そして上院の卒院試験に合格したのち、国の職業認定を受けるか民間の魔導師ギルドに登録するかすれば、はれて職業魔導師になれる。という訳だ。
そして、この世界の魔導師が新たに魔法を修得するために欠かせないアイテムが。
「この黒本、って訳か。」
僕は先程手に入れたばかりの、分厚い黒本を鞄から取り出して眺めた。
幼い頃より、酔ったカルロスから度々魔法使いに関する話を聞いていたので、今回の講義内容もそこまで驚かず受け入れられたんだけど。
ひとつだけ、良い意味でとても吃驚したことがあった。
「我々魔導師が、この世界で魔法を行使するために最も大切なこと。それは、黒本に記された呪文の暗記だ。」
……え?
呪文の暗記?
……それだけ?
「せ、先生。つまり、黒本に記述されている呪文を暗記すれば、誰にでも魔法が使えるということですか!?」
「まぁ、極論を言えばそういうことになるな。」
動揺して、つい手を挙げて質問までしてしまったけれど。
僕の想像だと、魔法の修行というからには肉体的・精神的な苦行に耐えたり、難解な方程式を理解・応用する頭脳が必要だったり、謎の老人を師匠と呼び、何年間も森の奥深くで厳しい修行をしたり。

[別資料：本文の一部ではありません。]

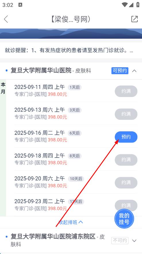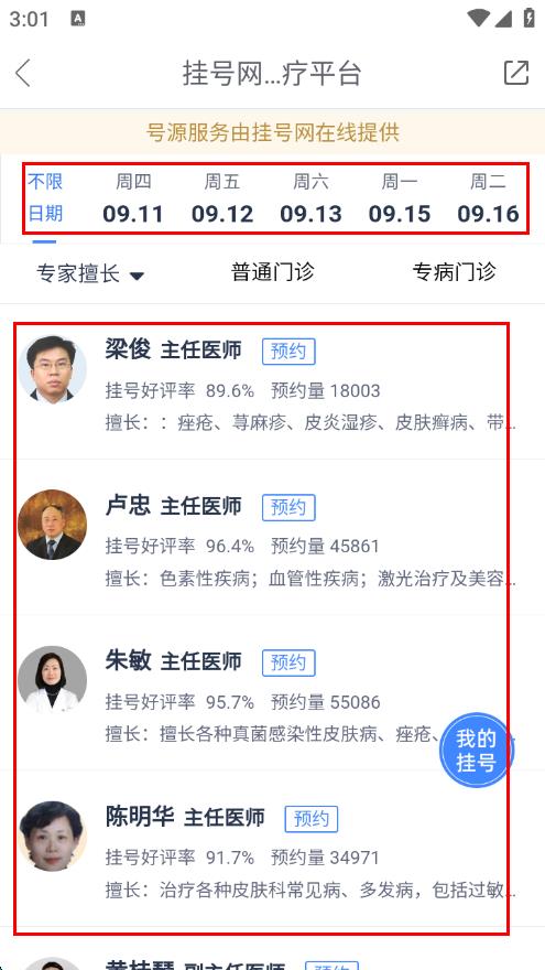 4、选择就诊日期,查看当天坐诊的医生列表,选择想要预约的医生 。

そういったものが必要なんじゃないかと思っていたので、拍子抜けしてしまったのだ。
「では、魔導師になるための一番重要な修行というのは。」
「他人より一冊でも多くの黒本を読了し、内容を暗記することだな。内容の濃薄にもよるが、基本的にはどれだけ大量の黒本を読み解いたかが、その魔導師の力量や名声に直結してくる。」
驚いた。
僕は前世で、恐らく誰よりも多くの書物を読んだ。
でも、それを褒めてくれたのはおばあちゃんだけだったし、何より勉強や運動には直結しなかった。
だけど。
"初級呪文大全"と銘打たれた黒本の、黒々として重たい表紙をめくり、序文を読む。
[ 本書は火・水・土・風・木・雷の基本属性及び治癒・付加・阻害の副属性に渡る初級魔法の呪文を記し、またそれらの解説をおこなうものである。初級は全ての基礎であり最も重要視すべき魔法であるが、近年一部にそれを軽視する動きがあることを私は非常に危惧している。本書においては、たいへん詳細かつ膨大な解説をおこなっており、読了には長い年月がかかるものであると思うが。是非とも志ある者が時間の経過に恐れを持たず読み説き、魔法の真髄に触れてくれるであろうことを純粋に願い、序文とする。ー"木漏れ日の"レイノルド ]
なるほど、どうやらこの黒本は初級魔法の百科事典みたいなものらしい。
それも、かなり詳細な内容の濃いものみたいだな。
「どれだけ沢山の黒本を読み解いたかが魔導師の力量や名声に直結する。」
もし、僕の速読術が黒本にも通用するとしたら。
皆が数ヵ月をかけて読了するものを、数日で読み解くことが出来るんだとしたら。
「あーん、ソースが服に飛んでしまいましたわ。」
服に付いたパスタソースにリアーナが悪戦苦闘している横で、僕は密かな闘志を燃やしていた。